Baseball season has left us. The Yankees take their rightful place at the top of the heap and balance can now return to the planet. If you’re paying attention you’ll notice things have been off center since the season following the Yanks 26th World Series victory in 2000. It is now time for the rest of the world to get back on track.

This is what we are trying to do here on our little slice of earth - center, balance, return to normalcy, or at least to the level of functionality we enjoyed before Renee’s organs began piping out disharmony. We thought we were getting all of this under control. We thought Renee was on track to return to work following Thanksgiving break. And then …. and then … the letter came.

Renee got selected for jury duty the first two weeks of December. Maybe Big Brother knows better than us when Renee should return to work. Maybe the great and good government realizes that the daycare center, uh hmm, I mean pre-school, is nothing but a germ-inator. They are teaching the kids letters and numbers like H1N1 but when the swine invades the temple you know it’s a good idea to stay away, at least until they can get a kosher flu bug to spread.
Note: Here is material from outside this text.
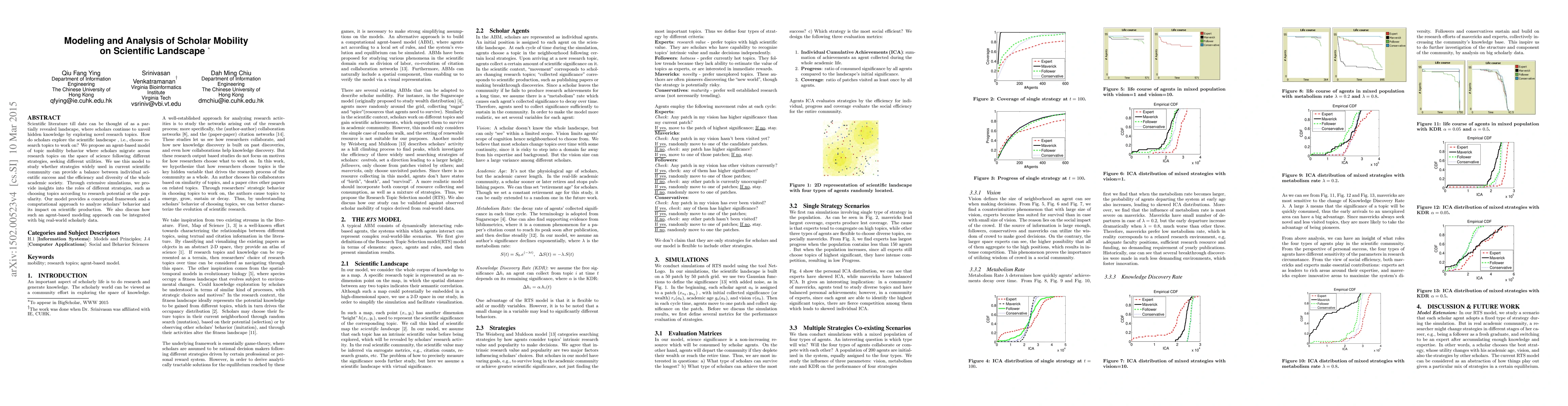 This research introduces an agent-based model to simulate scholar mobility across research topics, analyzing strategies for balancing individual success and societal efficiency. It offers insights into topic-choosing behaviors and suggests the model can be combined with real-world scholarly data for further analysis.

Medically, Renee makes progress daily, except for those days following the iron infusions then she is asking if I got the number of the truck that hit her. Three more intravenous helpings and her stores should be filled. When the post-op body trauma has calmed the iron storage mechanisms should return also.

We got word this week that her B-12 is way below where it should be though. B-12 deficiency is definitely not what you want to hear when you are in post-op recovery. When this little vitamin stops being absorbed it can cause a dozen problems. We’re waiting on the blood doc to tell us what the course of action will be to deal with this. Hopefully it is just a blip but our radar is working overtime.

The accountant in me is trying to work in a balance sheet metaphor but this is about a different type of reckoning. It is all just a balancing act by a confirmed klutz who is angling for the scales to tip her way. Maybe she needs one of those poles the highwire artists carry - Yes! The ideas for the mandatory giving of useless presents season are formulating.